Its not much of a looker but this is comfort food at its finest.
- about 2 T neutral oil such as vegetable or olive (or 4 slices of bacon chopped)
- 1 large onion chopped fine
- about 4 cups beet greens, kale, buckwheat shoots (about 8oz) etc
- 1.5 T honey (or about 3 T white sugar)
- 3 T vinegar such as Balsamic or apple cider
- Fry chopped onion in oil (use enough to cover the bottom of your frying pan) or throw bacon and onion in together (without any additional oil) and fry over medium heat until onions are clear and cooked through and the bacon is crispy.
- Add greens. Be sure to cut the buckwheat shoots small as they like to tangle in an ugly way if you don’t. If you are using kale cut it into bite sized squares. Beet greens are softer so you can safely chop them a little larger than the kale-but be warned-big pieces make for messy eating.
- Cook the greens until they are all soft and the water has all boiled off.
- Add honey and vinegar (while the pan is still over heat) and stir thoroughly so the honey dissolves completely.

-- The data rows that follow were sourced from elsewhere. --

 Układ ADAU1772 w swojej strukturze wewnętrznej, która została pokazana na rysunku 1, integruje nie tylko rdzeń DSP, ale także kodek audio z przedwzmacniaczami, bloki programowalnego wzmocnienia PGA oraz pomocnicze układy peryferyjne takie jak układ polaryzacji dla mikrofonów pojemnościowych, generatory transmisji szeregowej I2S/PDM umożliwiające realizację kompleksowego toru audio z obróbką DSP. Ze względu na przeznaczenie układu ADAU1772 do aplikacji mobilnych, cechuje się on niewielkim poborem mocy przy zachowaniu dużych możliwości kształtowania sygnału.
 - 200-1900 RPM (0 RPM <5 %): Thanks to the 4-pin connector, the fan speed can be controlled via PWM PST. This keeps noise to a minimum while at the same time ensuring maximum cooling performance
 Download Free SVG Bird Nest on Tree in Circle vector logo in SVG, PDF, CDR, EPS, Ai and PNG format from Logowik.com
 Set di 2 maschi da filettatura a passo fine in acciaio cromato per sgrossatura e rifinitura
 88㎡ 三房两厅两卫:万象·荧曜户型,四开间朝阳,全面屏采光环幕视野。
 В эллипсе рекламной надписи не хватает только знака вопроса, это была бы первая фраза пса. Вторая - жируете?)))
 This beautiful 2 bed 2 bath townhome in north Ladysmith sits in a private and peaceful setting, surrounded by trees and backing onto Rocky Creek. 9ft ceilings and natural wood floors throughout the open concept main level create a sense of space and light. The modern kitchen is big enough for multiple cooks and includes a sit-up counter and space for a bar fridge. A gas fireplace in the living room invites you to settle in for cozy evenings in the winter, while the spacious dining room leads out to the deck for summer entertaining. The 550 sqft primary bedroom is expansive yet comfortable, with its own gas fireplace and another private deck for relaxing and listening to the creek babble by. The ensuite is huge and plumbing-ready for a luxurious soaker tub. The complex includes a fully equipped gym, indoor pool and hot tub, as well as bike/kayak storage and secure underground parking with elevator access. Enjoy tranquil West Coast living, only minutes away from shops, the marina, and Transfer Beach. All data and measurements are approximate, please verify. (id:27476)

- Leave pan on heat for an additional 3-5 minutes allowing the vinegar to reduce but stir regularly so the honey doesn’t burn.
- Remove from heat and serve.
- This recipe isn’t one where you must measure everything carefully. Just eye ball the ingredients and give it a taste.
- If you like a strong vinegar flavour go easy on the honey and consider draining the greens so your vinegar doesn’t dilute at all. I would recommend just cooking the greens until ALL their water boils off since that is less work and dishes ;).
- These greens will cook down A LOT so fill the frying pan right up!